What did @coachsugashawn actually say?
The creator stacked Selank and Semax and called the combination "like Adderall and Modafinil having a baby without the side effects." He described the pair as producing "clean dopamine support," better memory, less anxiety, and sharper focus, while repeatedly emphasizing the stack is legal and requires no prescription. He also claimed Semax alone feels "a lot like Adderall."
To be fair, he did acknowledge the drugs' legitimate origins: both peptides were originally developed for neurological injury and PTSD, largely in Soviet-era Russian clinical research. That framing is accurate. But the moment he pivots to "no crashes, no withdrawal, just clean dopamine," the claims get ahead of the evidence considerably. Calling something legal and prescription-free does not mean it is well-studied, standardized, or safe for general use, and that distinction is doing a lot of heavy lifting in this video.
Does the science back this up?
There is genuine research behind both peptides, but almost none of it involves healthy adults using them recreationally for focus. Most of the evidence comes from Russian clinical trials, animal models, and small human studies in patient populations, not the biohacker use case being sold here.

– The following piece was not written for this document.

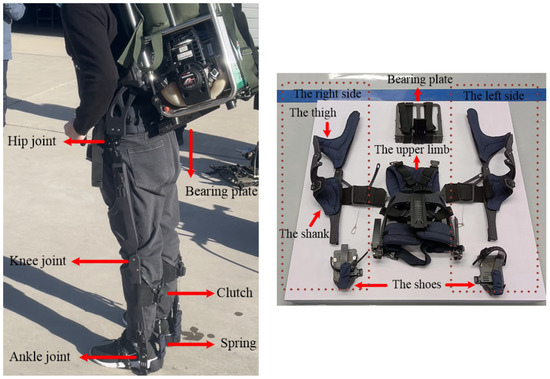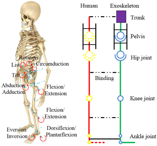 Exoskeletons are mechanical and electrical devices that are worn by an operator and are designed to increase the body’s physical performance. The development of an exoskeleton robot involves many fields [1], including military [2], medical [3], industry [4], and has formed many types of products and prototypes such as Stride Management Assist (SMA) and ankle foot orthoses (AFO) [5,6]. As a kind of technical equipment combined with the human body, the exoskeleton robot and the human body are connected by the body–exoskeleton binding, which ensures the two move synchronously and constructs the human–exoskeleton integrated system. Obviously, one of the keys to realizing the assistance effect of an exoskeleton robot was to study the coupled relation of body–exoskeleton systems [7].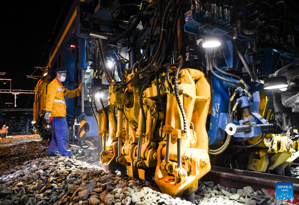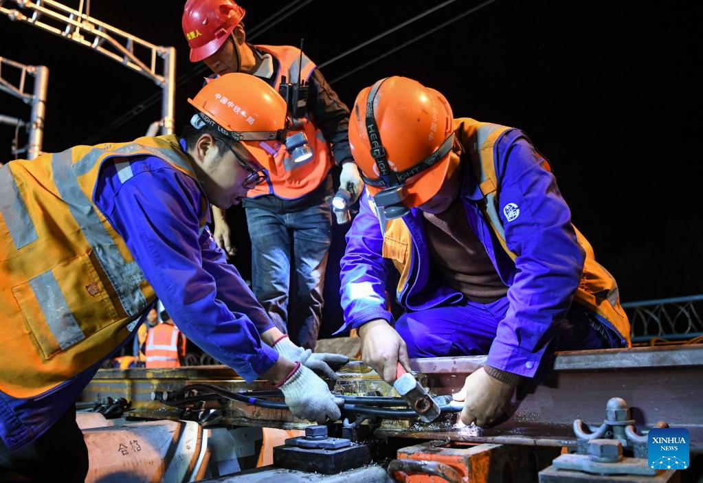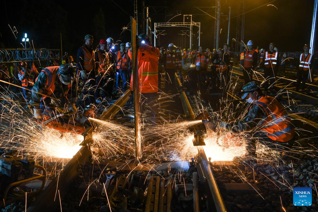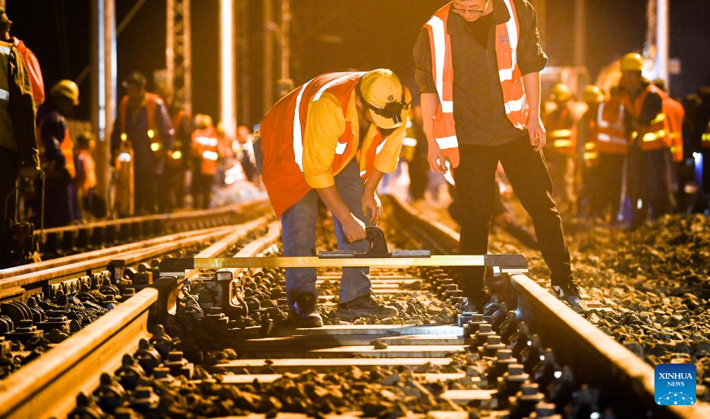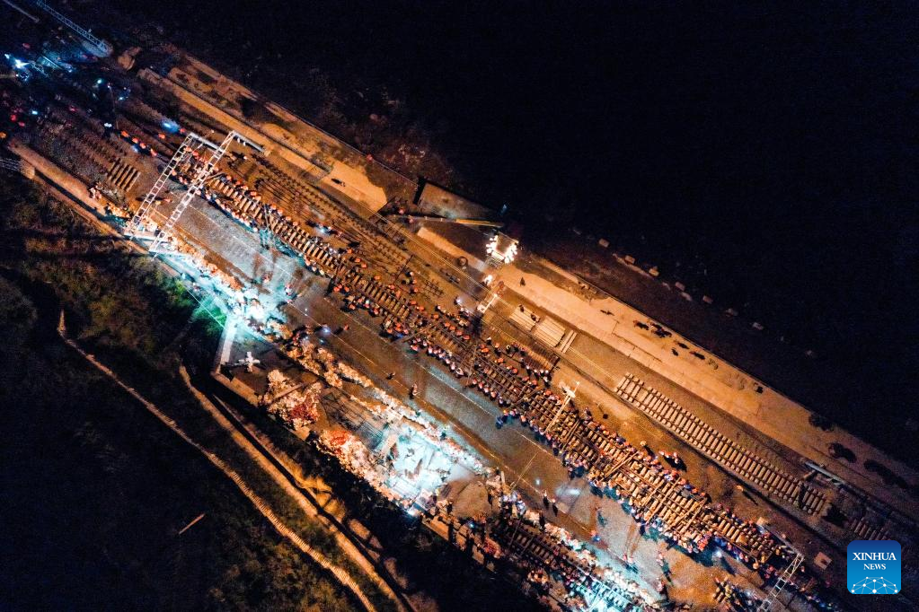Staff members work at the construction site of Shazi railway station expansion project in southwest China's Chongqing on Sept. 2, 2022. The construction of 6 turnouts in Shazi railway station of Chongqing-Lichuan railway line completed recently, accelerating the expansion of this station. (Xinhua/Wang Quanchao)

Semax, a synthetic analog of ACTH(4-7), has shown effects on BDNF expression and dopaminergic activity in rodent studies (Dolotov et al., 2006, Journal of Neurochemistry). A small Russian clinical trial found it improved attention in patients recovering from stroke (Gusev et al., 1997). Selank is a synthetic analog of tuftsin with documented anxiolytic effects in animal models and a handful of Russian human trials for generalized anxiety disorder (Semenova et al., 2010, Bulletin of Experimental Biology and Medicine). The combination stack, however, has essentially no controlled human trial data. The "people started stacking them and noticed something wild" origin story is anecdote, not science.

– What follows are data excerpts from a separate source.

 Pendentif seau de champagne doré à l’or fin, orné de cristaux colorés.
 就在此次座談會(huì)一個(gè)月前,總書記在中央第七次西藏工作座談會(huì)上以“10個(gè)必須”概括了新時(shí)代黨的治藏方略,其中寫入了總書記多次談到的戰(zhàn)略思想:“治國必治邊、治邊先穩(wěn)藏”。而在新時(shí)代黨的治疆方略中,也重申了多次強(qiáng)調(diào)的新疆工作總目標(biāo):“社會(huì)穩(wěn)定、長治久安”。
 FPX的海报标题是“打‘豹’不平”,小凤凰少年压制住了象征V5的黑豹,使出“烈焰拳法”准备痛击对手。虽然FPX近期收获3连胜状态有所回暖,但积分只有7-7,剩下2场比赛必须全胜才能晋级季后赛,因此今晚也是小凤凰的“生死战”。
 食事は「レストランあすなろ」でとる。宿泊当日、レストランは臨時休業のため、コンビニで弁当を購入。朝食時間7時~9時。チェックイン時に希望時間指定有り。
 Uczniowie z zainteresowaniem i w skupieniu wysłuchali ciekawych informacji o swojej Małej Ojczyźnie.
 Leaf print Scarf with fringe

What did they get wrong (or right)?
He got the origin story roughly right. Both compounds were developed in Russian and Soviet research institutions, Semax at the Institute of Molecular Genetics and Selank at the Institute of Molecular Biology, primarily for brain injuries, stroke recovery, and anxiety disorders. Credit where it is due.
What he got wrong is more significant. Saying there are "no side effects" is not supportable. Semax has been associated with irritability, elevated blood pressure, and appetite changes in some users. Selank is better tolerated but data on long-term use is thin. Calling the dopamine effects "clean" implies a pharmacological precision that no published study has demonstrated in healthy adults. And the Modafinil comparison is a stretch: Modafinil acts primarily on orexin and dopamine transporter systems with decades of peer-reviewed human data behind it. Comparing it casually to a nasal peptide stack with a handful of Russian trials is misleading, even if the experiential description sounds similar to some users.
What should you actually know?
Neither Semax nor Selank is FDA-approved. In the United States, they occupy a regulatory gray area: not scheduled as controlled substances, but also not approved for any therapeutic use. They are often sold as "research chemicals" or compounded by peptide pharmacies, and product purity and dosing consistency are real concerns with unregulated sources.
The "no prescription needed" framing is technically true in many cases but misleading in context. It signals safety when it actually signals a lack of regulatory oversight. Telehealth platforms that dispense these compounds are operating under compounding pharmacy rules, which have their own compliance requirements and do not equal FDA approval. If you are considering either peptide, a real medical evaluation, not a TikTok stack guide, is the appropriate starting point. Users with cardiovascular issues, anxiety disorders, or who take SSRIs or MAOIs should be especially cautious given the limited interaction data available.